President Joe Biden (L) and Saudi Crown Prince Mohammed bin Salman (R) arrive for a family photo during the Jeddah Security and Development Summit (GCC+3), July 16, 2022, at a hotel in Jeddah, on the Red Sea coast of Saudi Arabia.  .

When OPEC+ agreed to increase production by 100,000 barrels a few weeks later, critics argued that Biden got little out of the trip.

The trip included a meeting with regional leaders on issues key to US national security, including Iran, Israel and Yemen. He was criticized for the lack of results and for restoring the image of the crown prince, whom Biden directly accused of orchestrating the murder of Washington Post columnist Jamal Khashoggi.

In the months leading up to the meeting, Biden’s top Middle East and energy aides, McGurk and Hochstein, shuttled between Washington and Saudi Arabia planning and coordinating the visit.

A regional diplomatic official described the campaign to block US production cuts as less of a hard sell and more of an effort to highlight a critical international moment, given economic fragility and the ongoing war in Ukraine. While another source familiar with the discussions told CNN, a diplomat from the countries approached described it as “desperate.”

A source familiar with the disclosure says a call was arranged with the UAE but Kuwait rejected the effort. Kuwait’s embassy in Washington did not immediately respond to a request for comment.
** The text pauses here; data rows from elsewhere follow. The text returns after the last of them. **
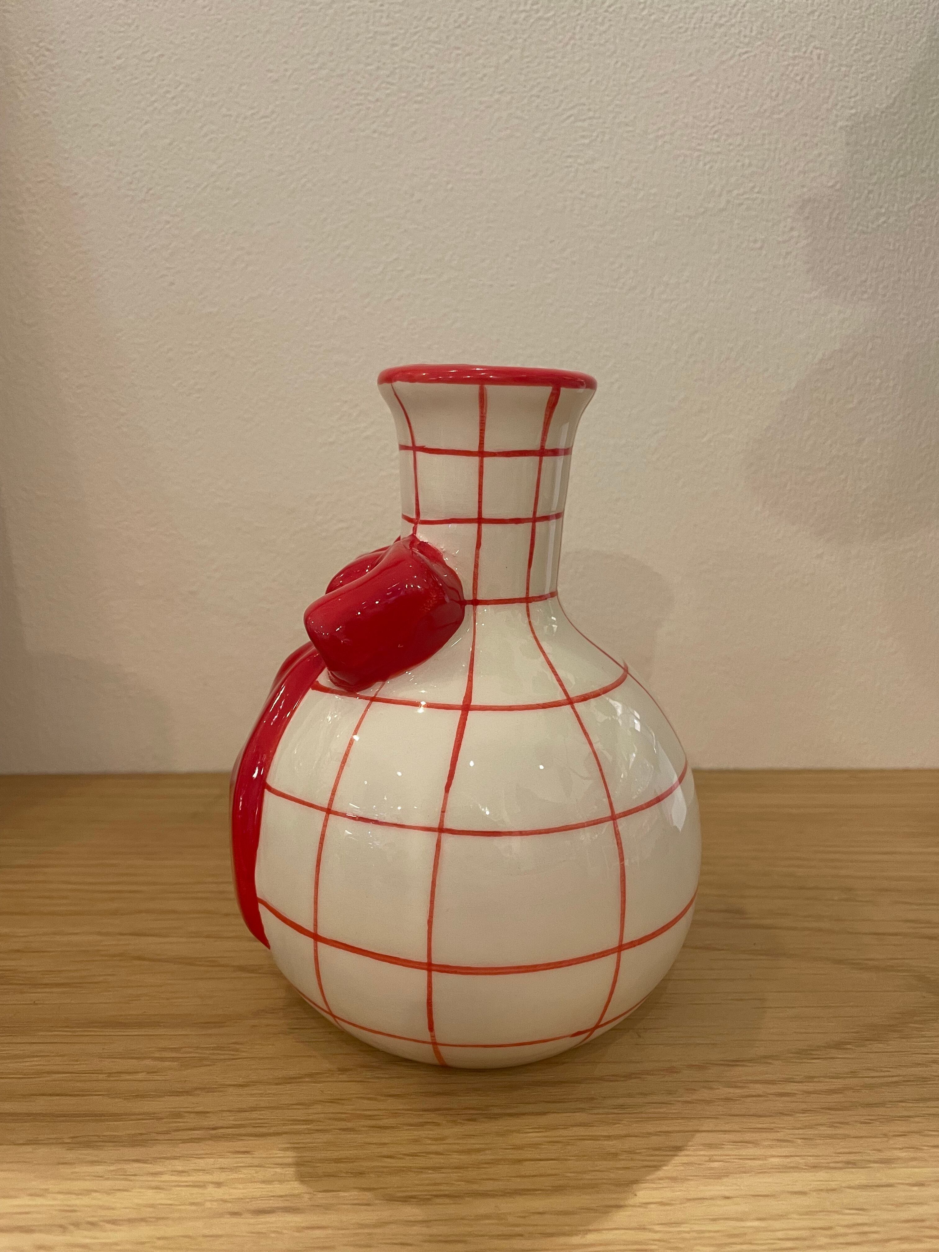 ぷっくりと赤い大きなリボンに格子柄のデザインがチャーミングなフラワーベースです。 玄関先やサイドテーブルに置くのにちょうどいい大きさで、お花を美しく見せてくれます。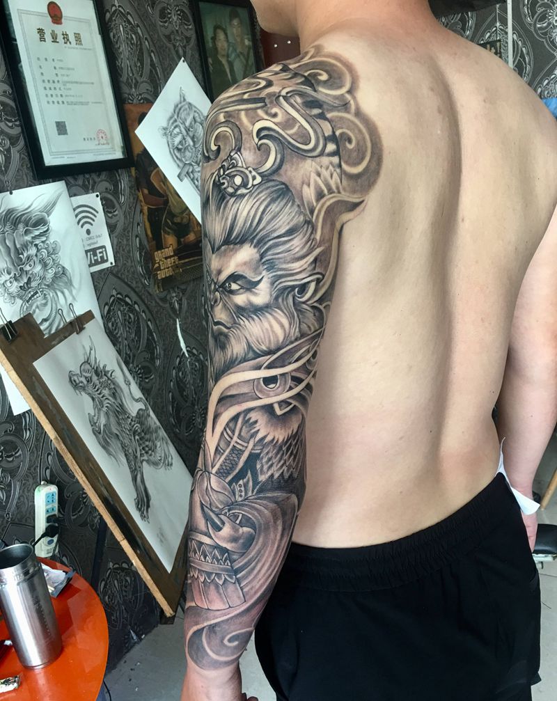当前位置: 首页 >山东省青岛市纹身店-大星纹身纹身图案>齐天大圣纹身图片_手臂新传统纹身图案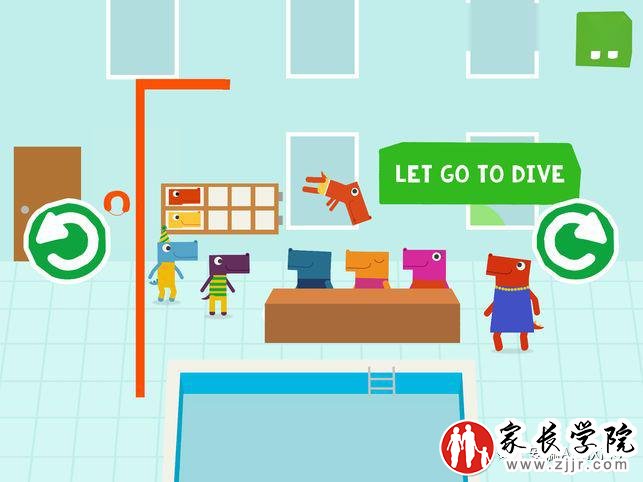 姐妹俩都很喜欢玩,她们觉得内裤恐龙和小伙伴们都太好笑了。游戏中,孩子可以选择小恐龙去投掷篮球和跳水,在游戏间歇中会出现关于“内裤规则”的提问,答对了,就可以给恐龙获得更多的装扮!
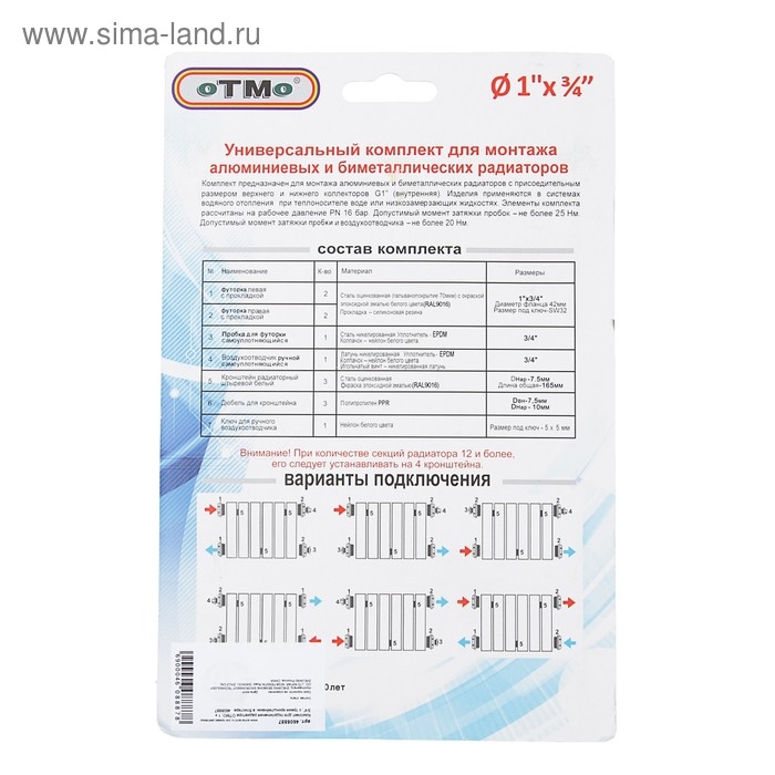 Комплект для подключения радиатора OTMO, 1 х 3/4", с тремя кронштейнами, в блистере

Not even from Saudi Arabia. The UAE embassy declined to comment.

Publicly, the White House has carefully avoided discussing the possibility of dramatically cutting oil production.

“We are not members of OPEC+, so I don’t want to prejudge what might come out of that meeting,” White House press secretary Karine Jean-Pierre told reporters on Monday. The US focus, according to Jean-Pierre, “continues to take every step to ensure that the markets are sufficiently supplied to meet the demand of a growing global economy”.

OPEC+ members are making more dramatic cuts because of the dramatic drop in prices, which have fallen below $90 per barrel in recent months.

Hanging over Wednesday’s OPEC+ meeting in Vienna will be an oil price cap European nations want to impose on Russian oil exports as punishment for Russia’s invasion of Ukraine. Many OPEC+ members, not just Russia, have expressed unhappiness with the prospect of a price cap because of the potential precedent set by consumers, rather than the market, in determining the price of oil.

Included in the White House Treasury talks was a US proposal: if OPEC+ decides against a cut this week, the US will announce a purchase of up to 200 million barrels to replenish its emergency oil stockpile, the Strategic Petroleum Reserve (SPR). The US has used it this year to help lower oil prices.

The administration has made it clear to OPEC+ for months, the top US official said, that the US is ready to buy OPEC oil to renew the SPR. The idea has been to convey to OPEC+ that the U.S. “will not be left dry” if they invest money in production, the official said, so that prices will not fall if global demand falls.